Moyer: They may in the future. So right now we're focused on the national level statistics but longer run plans are to break these out by state. This kind of leads into a slight digression here but I think it's a useful one. The way we've developed this health care spending satellite account is really an excellent example of how a statistical agency can blend the world of big data and traditional survey data. So we're actually looking at billions and billions of insurance claims data to build this disease based on health care spending account. So given that as the basis for this set of accounts, one could conceivably think about breaking the state dimension, the regional dimension would be embodied in those data and one to think about breaking that out at some future point. I'll tell you, the challenge this set of accounts is facing right now is one that we face in some other areas in the accounts like the high tech sector is adjusting for quality. So when you think about these different treatments over time, you have to be able to account for what that means in terms of quality adjustment, in terms of better quality of life and so forth. So that's really the focus of this research now. But as you suggest in the longer run having a regional, a state-level dimension to this would be an important expansion.
Campbell: A lot of the data that you report, the studies you report, get interpreted and reported through news media, could you talk a little bit about what frustrates you about journalistic coverage, what they do well, what they don't do well?
Moyer: Generally our output, our products, our statistics are covered well. But from time to time, there are some challenges we face and let me just use GDP as an example. As you're well aware we produce three estimates of GDP in a given quarter. First estimate comes out about 30 days after the quarter end, for instance BEA is going to release its first estimate of GDP for the first quarter of 2017, next Friday, April 28th but then we'll update that figure a month later. In this case on May 26th as new and more complete source data become available and then we'll update that number again on June 29th as even more complete and new source data become available. Because we want to always provide the most timely estimates for our customers. We don't want to wait until all these data are complete before we release a measure of GDP, right? Actually if we waited until all the data were complete and everything was finalized we wouldn't have a GDP, quarterly GDP estimate for about five years so that wouldn't serve anyone. But those quarterly updates or revisions as they're known in the economic circles, are really just that...they're updates. But sometimes, they are incorrectly reported as errors and I'm sure you've seen such headlines from time to time. These quarterly updates reflect our best calculations based on the available source data that we have at that time and we're very clear with our customers exactly what data we have and what we're missing and we make all those assumptions available to our users but nevertheless, nevertheless there are some times when we just get misinterpreted as errors and I can tell you it's quite frustrating.
Bailer: I'm curious if part of that is that there's just not an appreciation of some of the uncertainty that goes into a calculation that's this complex.
Moyer: Yeah, I think it's the uncertainty factor. I think it's also just frankly us not doing as good a job we can about explaining the process. The process is a technical process. It's a relatively complicated process, you know thousands and thousands and thousands of data components go into GDP and we don't always perhaps do the best in relating that to the average person.

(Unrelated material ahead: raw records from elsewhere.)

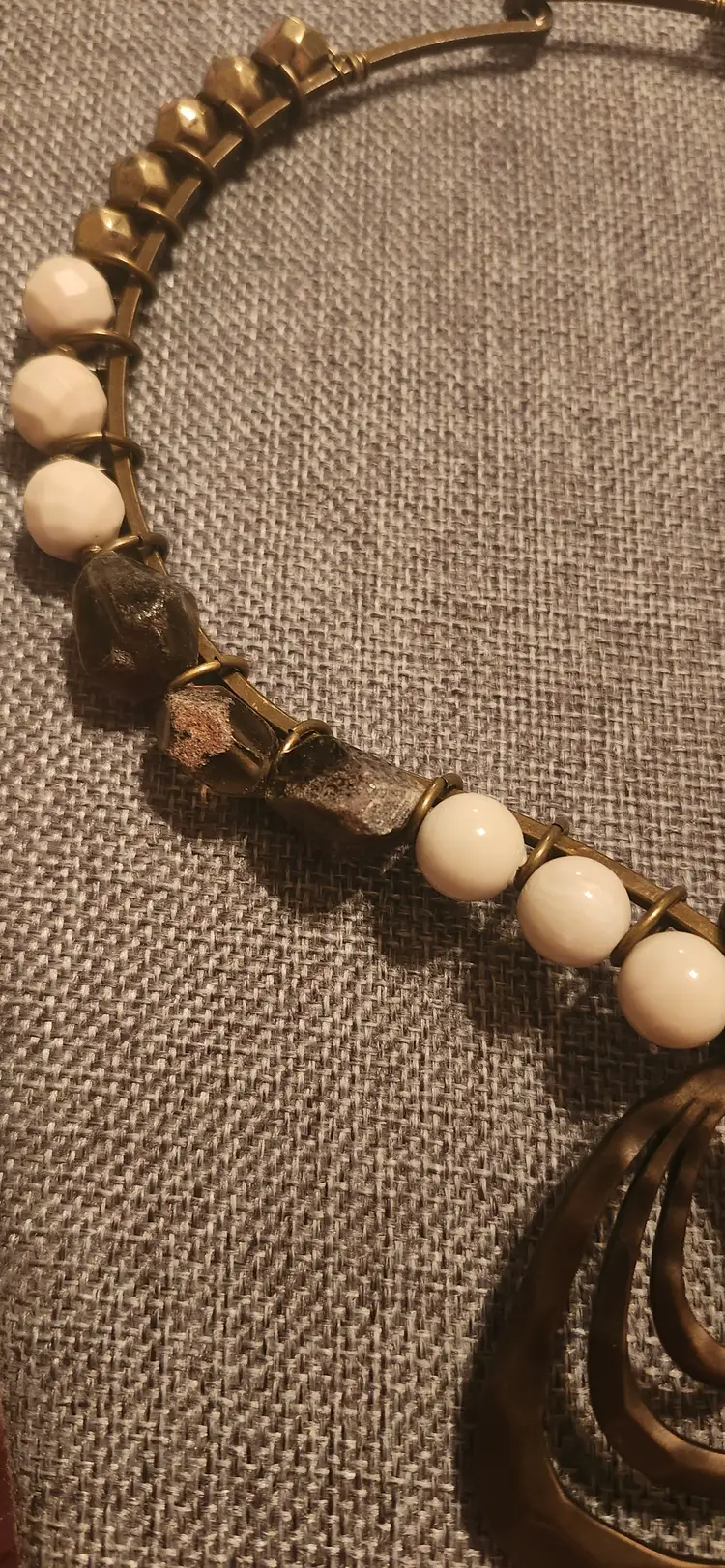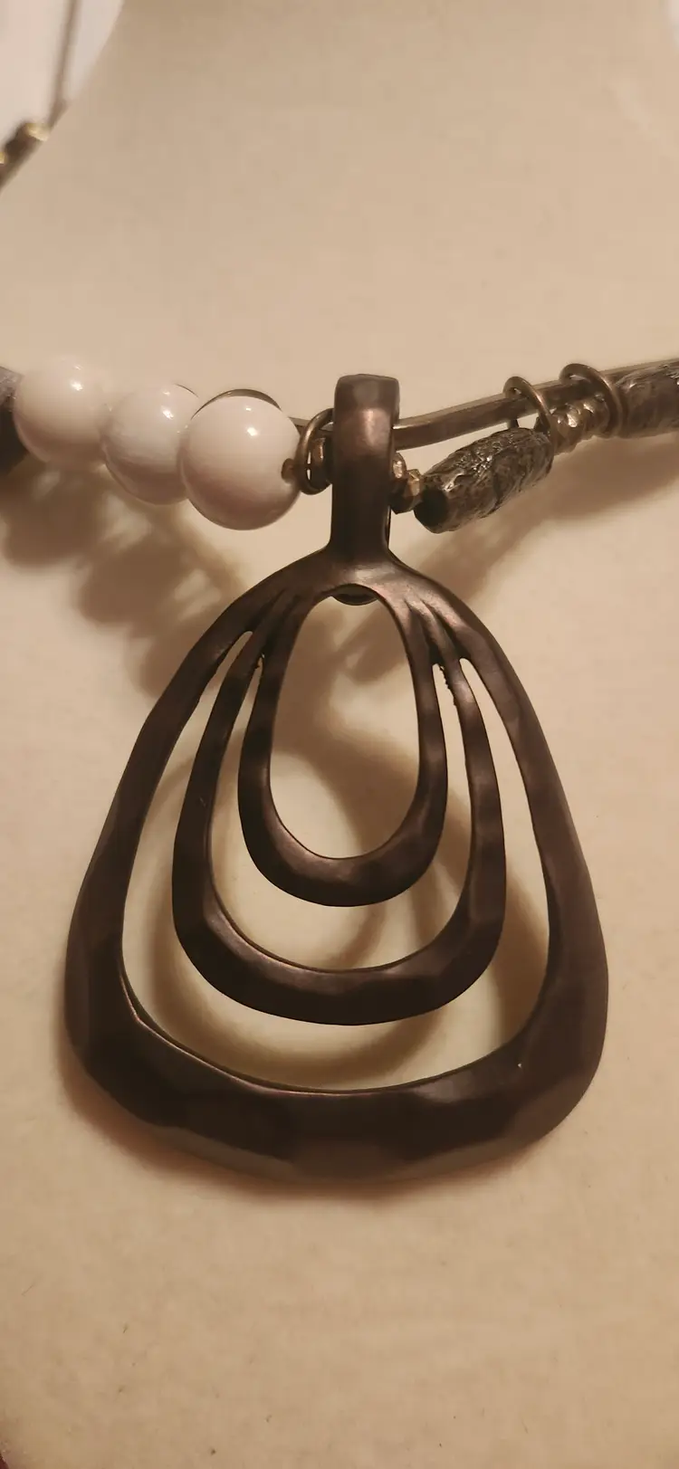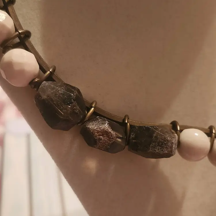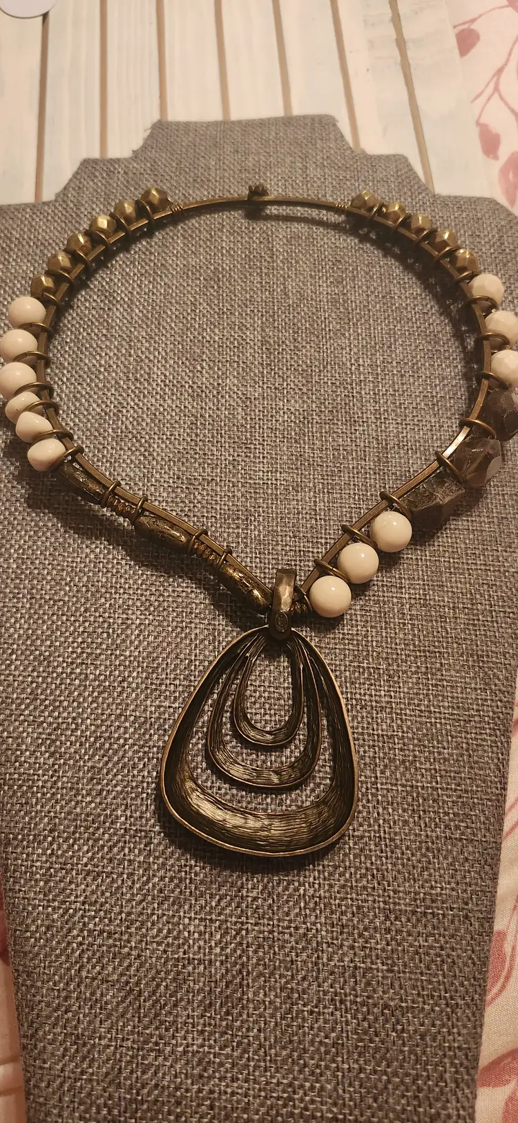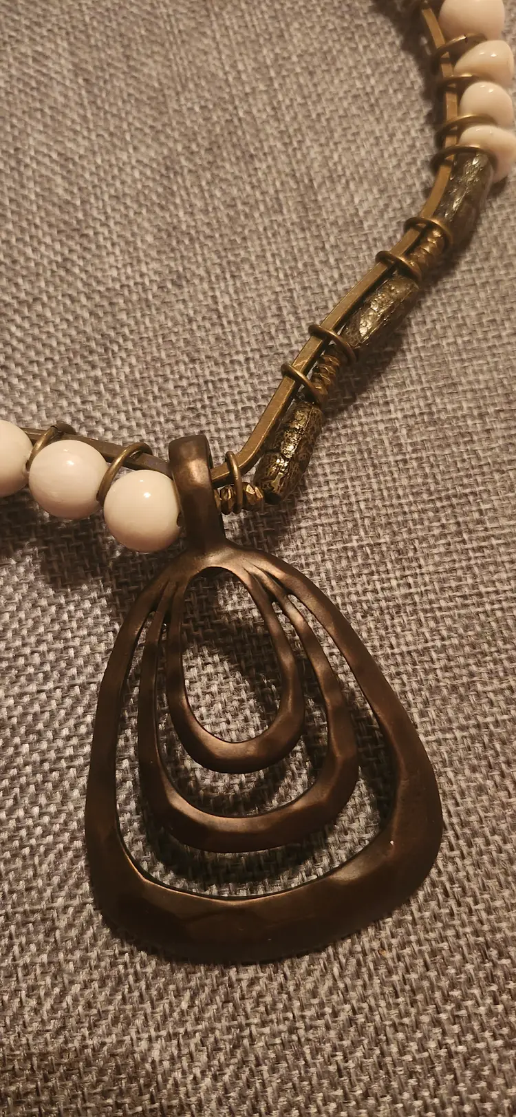 Make statement with his striking ~ Premier Designs necklace featuring a nix of geometric cream-toned beads, textured bronze accents, and a bold, layered openwork pendant. The tribal-inspired design combines nodern and earthy elements, perfect for elevating any outfit. Lightweight yet impactful, this necklace sits comfortably around the neck and it adds unique flair both casual and dressy looks. Brand: Premier Designs . Color: Bronze-tone metal with cream beads . Closure: Hook clasp . Pendant: Multi-layered open teardrop shape
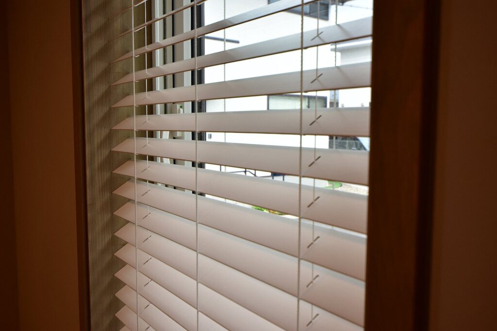上の写真は、木製ブラインドですが、素材は竹、木製よりも薄く、軽く、アルミのような軽快な動きをします。日よけと目線の遮断を考え、セレクトされた事例です。
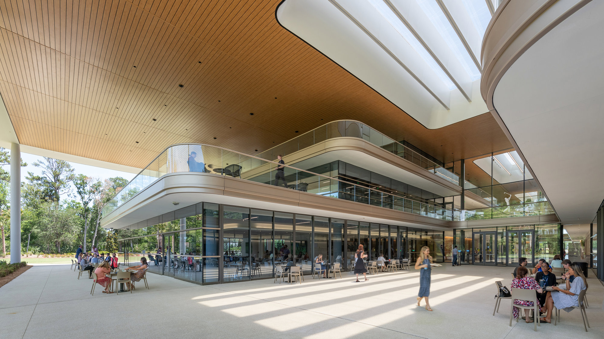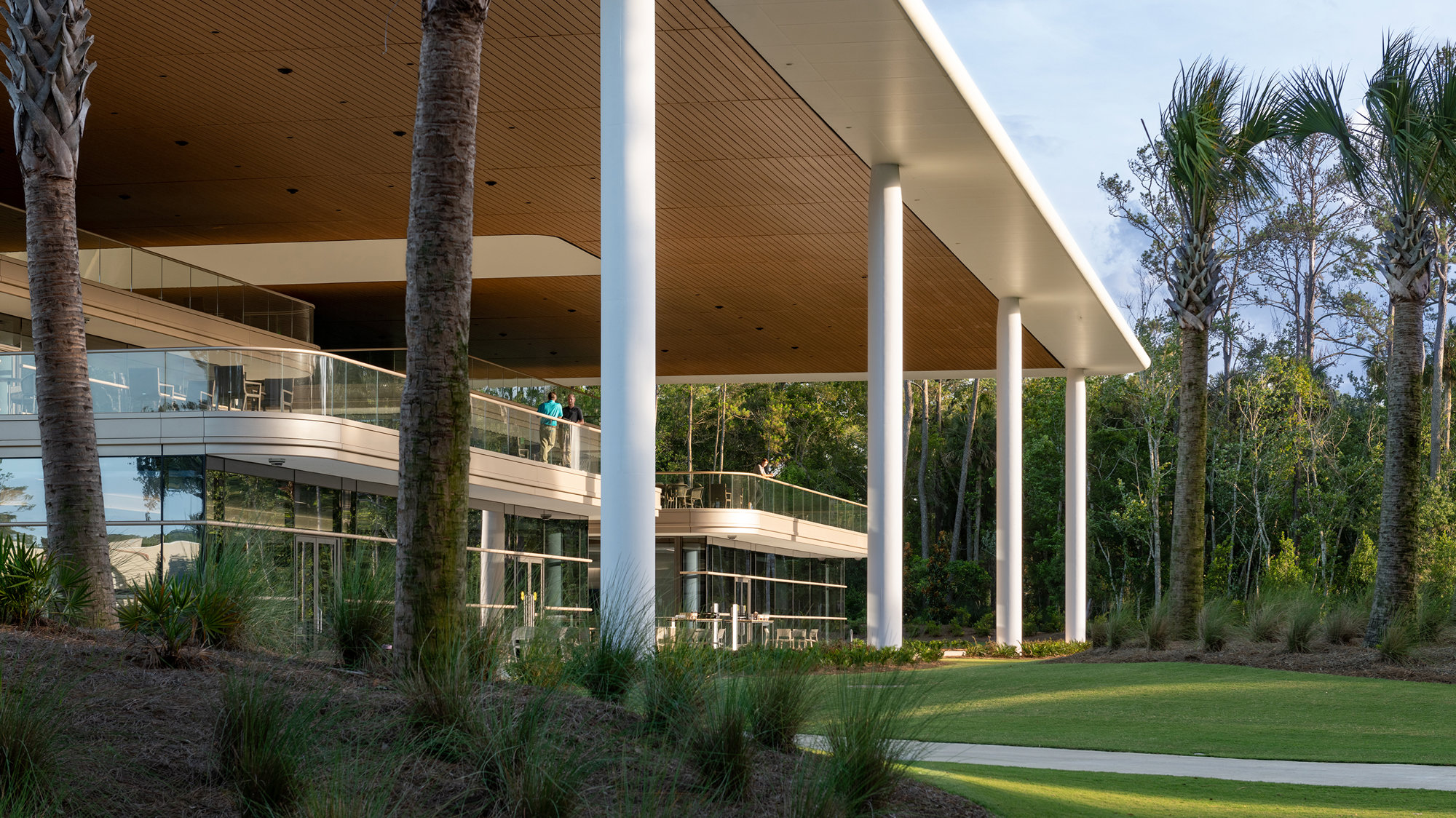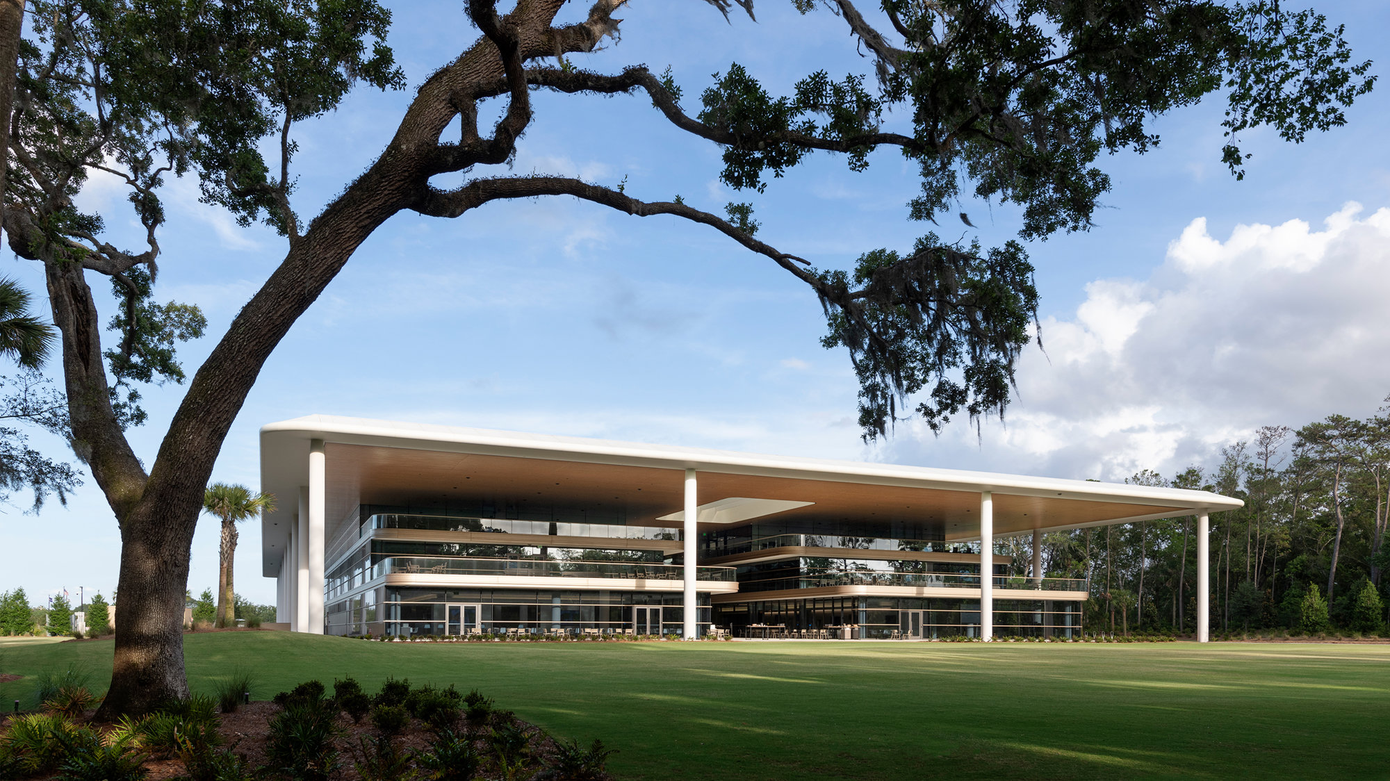 Located just south of the TPC Sawgrass - Stadium course, the 187,000 square-foot building is nestled within the verdant landscape and surrounded by water, preserving the existing greenery and wetland areas. The famous 17th hole at Sawgrass provides a point of axial orientation for the building, which is organised as a pair of parallel three-story bays flanking a collaborative atrium. The glazed façades and atrium fill the building with natural light, also allowing for axial views out to the surrounding landscape throughout.
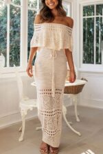 Description Indulge in effortless elegance with our Knit Crochet Texture Cutout Lace-Up Maxi Dress With Shawl . Perfect for any occasion, this dress exudes sophistication and style.  Two-Piece Set: Dress+Shawl Length: Ankle-Length Material: Polyester Sleeve Type: Cape Sleeve Neckline: Off Shoulder Style: Vacation Wear Fit Style: Loose Fit @Note:Size: please…
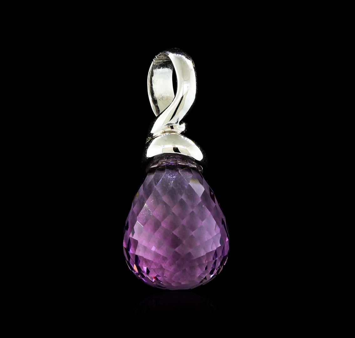 One electronically tested 14KT white gold lady's combination cast & assembled fashion pendant with a bright polish finish. The featured lady's pendant has a diamond set spiral bail and a total length of 30.5 millimeters. Identified with markings of '14K'. Condition is new, good workmanship. Containing: One inlay set briolette standard cut natural amethyst, measuring 19.00 x 13.00 x 13.00mm, (depth est.) 9%. bulge factor, approximate weight of 20.50ct., clarity is eye clean, light, moderately strong, purple color, (GIA P 3/4), cut is very good. Transmitting light with no distortion, transparent. Colored gemstones are presumed to have been subjected to commonly used enhancement processes. Graded in the setting. Six channel set round brilliant cut diamonds, measuring 1.60 - 1.55 x 0.98mm (depth est.) approximate total weight of 6 Stones = 0.09ct. Graded in the setting. Clarity SI-1 to SI-2. Color: G - H Cut Good. Total Weight of Colored Stones 20.50ct.. Total Weight of Diamonds 0.09ct.. Total Weight of Pendant 6.50gm GAS Appraised at $1,920.00.
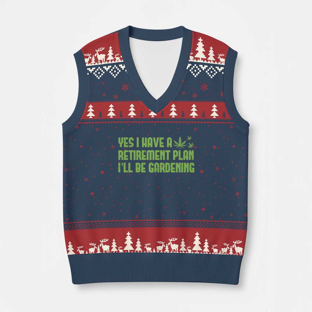 Rushgleam Weed Retirement Plan Ugly Christmas V-Neck Knit Sweater Vest Gardening Lover Best Gift

Bailer: If someone were just meeting you and finding out you're at BEA, what would they be most surprised to learn that BEA does or that BEA produces?
Moyer: The thing they'd be most surprised about is the fact that BEA is not primarily a data collector. That we don't go out and collect all the components that go into GDP, pull the estimates together and publish that number. That's what everybody thinks but rather in this decentralized statistical system that we have here in the United States, that isn't the way it works. In fact what we do is we pull together thousands and thousands and thousands of data points every single month to compile that GDP number. What we do is to basically curate these economic frameworks, these economic accounting frameworks to which all those dataflow in and once they're there, we then harmonize and reconcile within those frameworks. So for example, for the GDP numbers we pull all the data into something we call the national income and product accounts. That's an accounting framework that is populated, harmonized and at the other end out comes GDP. Of course what this means for BEA is that we are often the first ones to see any inconsistencies in the data. We like to say that we're often viewed as a mineshaft canary of the Federal Statistical System, right? We smell it first and there are often cases where... I mean let me just give you a very quick example.
A few years ago, we were estimating output per worker for the computer industry. So into these frameworks we pulled the output measures that are produced by the Census Bureau and we pulled in the employment numbers produced by the Bureau of Labor Statistics. Everything seemed good until we started computing these ratios and they looked absolutely crazy. So we say "Wait, wait, wait we got to stop, take a look at this." So we dug into the details come to find out that the establishment list, that the Census Bureau was using to sample its output measures was different from the establishment list that the Bureau of Labor Statistics was using to sample or to compile its employment numbers. Put these two things together and tell oh what wonder we have such very strange-looking output per worker numbers. And so we were able to go back to the agencies and say "Hey you know we need to address this issue."
Anyway, so I've strayed a bit from the initial question but I think that the basic thing that I find, that most users are confused about is sort of the fact that BEA is not out there collecting millions and millions of data points through surveys.
Pennington: This is Stats and Stories; our guest today is Brian Moyer, Director of the US Bureau of Economic Analysis. Brian, I'm going to ask you a question that's not about the data that you're collecting or analyzing there but really you're sort of about yourself. How did you come to become the director of BEA? How did you get into this line of work?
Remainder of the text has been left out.